Der Widerstand der Politik gegen Volksabstimmungen ist erklärbar. Denn diese könnten nicht nur einen parteienunabhängigen Weg für Neuwahlen und direkte Entscheidungen wichtiger Sachfragen durch das Volk eröffnen, sondern das als Quasi-Verfassung fungierende Grundgesetz unter einen Abstimmungsvorbehalt stellen: Keine Grundgesetzänderung mehr ohne bestätigende Volksabstimmung. Erst nach diesen Konsequenzen kann man überhaupt beginnen, von Demokratie zu sprechen. Ein Volk, dass über keine direkte Macht über seinen Gesellschaftsvertrag verfügt, ist nicht souverän, sondern zum Anhängsel seiner Vertreter degradiert. Und genau mit dieser auf den Kopf gestellten „Demokratie“-Sicht schauen viele Politiker in Deutschland auf ihre Wähler herab: Der selbstentlarvende Spruch von Außenministerin Baerbock drückt es aus: „Egal, was meine deutschen Wähler denken“ – ein einmal errungenes Abgeordnetenmandat oder Regierungsamt wird als vierjähriges Recht zur Volkserziehung aufgefasst. Deshalb müssen Grünen-Wähler, die dem Wahlversprechen „Keine Rüstungsexporte in Kriegsgebiete“ vertrauten, nun jahrelang ohnmächtig der Kriegstreiberei dieser Partei in der Regierung zuschauen.

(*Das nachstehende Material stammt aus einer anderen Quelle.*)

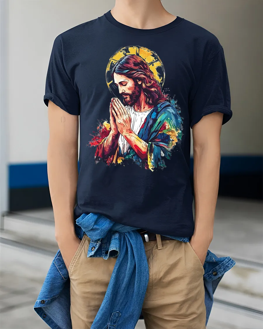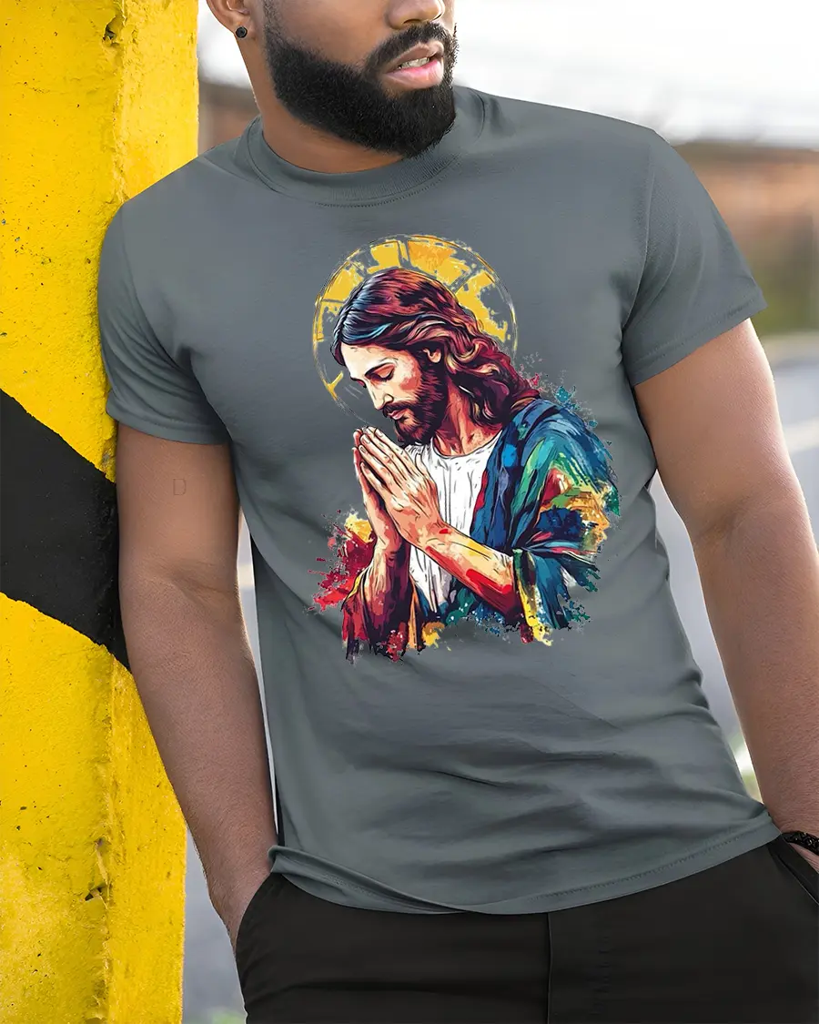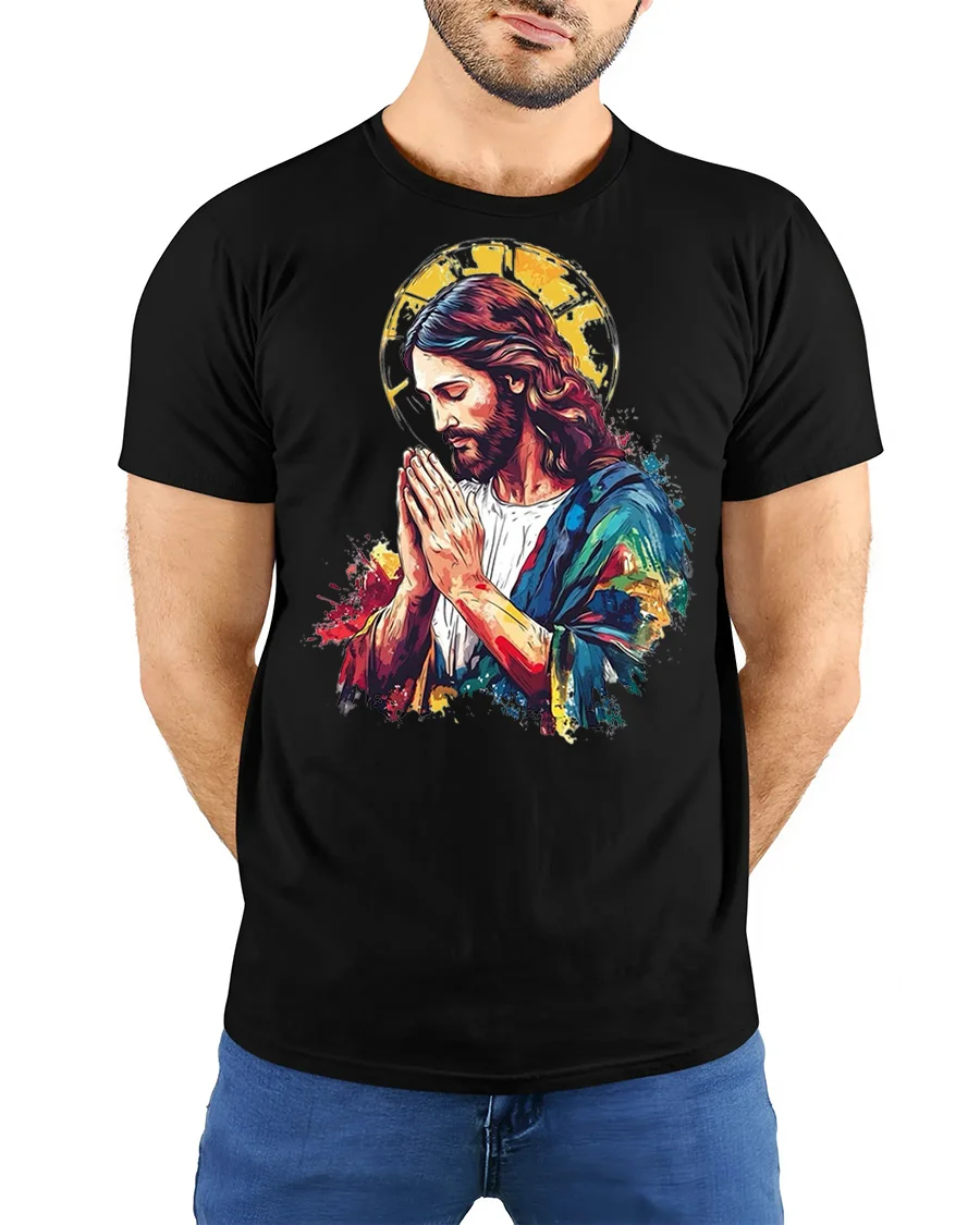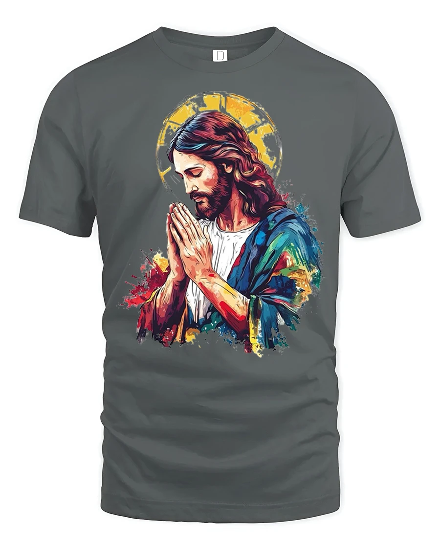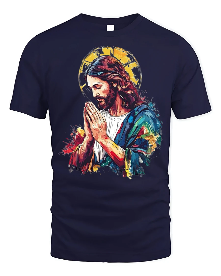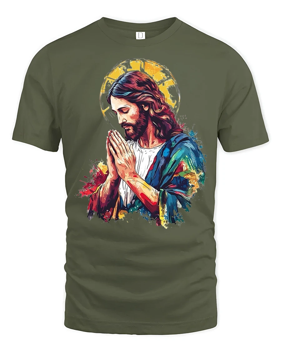 The Praying Jesus Christ Faith Graphic Tee Christian Art Tshirt features a beautiful artistic illustration of Jesus in prayer with a colorful painted style that creates a meaningful and inspiring design.

Der ein halbes Jahr nach der Bundestagswahl beginnende Ukrainekrieg zeigt überdeutlich, dass die Wählenden am Wahltag den Parteien stets einen Blankoscheck ausstellen müssen, ohne kommende politische Entwicklungen und das Verhalten der Parteien wirklich vorhersehen zu können. Nicht zufällig haben sich die Grünen im November von Volksabstimmungen auf Bundesebene verabschiedet, auch aufgrund eines emotionsreich die Fakten verdrehenden Robert Habeck.
„Demokratiefeste“ wie kürzlich anlässlich 75 Jahre Grundgesetz, millionenschwere Demokratieförderprogramme, lautstarke Reden und Demonstrationen zur Verteidigung der Demokratie usw., sind unwissendes oder verlogenes Schmierentheater, überwiegend initiiert von notorischen Demokratieverhinderern, die meinen, der bloße Gebrauch demokratischer Verfahren wie Wahlen sei schon Demokratie. Auch in Oligarchien und Autokratien finden Wahlen statt. Die entscheidende Frage ist, ob sich gleiche, politische Mitbestimmungsrechte auch in der tatsächlichen Regierungspolitik widerspiegeln. Untersuchungen in den USA und Deutschland legen nahe, dass „westliche Demokratien“ in Gegensatz zu allem inflationären Gerede von Demokratie in Wahrheit elitäre Oligarchien sind, in denen wenige Mächtige aus der Wirtschaft und Multimilliardäre mithilfe von Denkfabriken, Medien und Politik die politischen Entscheidungen zugunsten ihrer Interessen beeinflussen. Neuwahlen durch Volksabstimmung könnten da stören.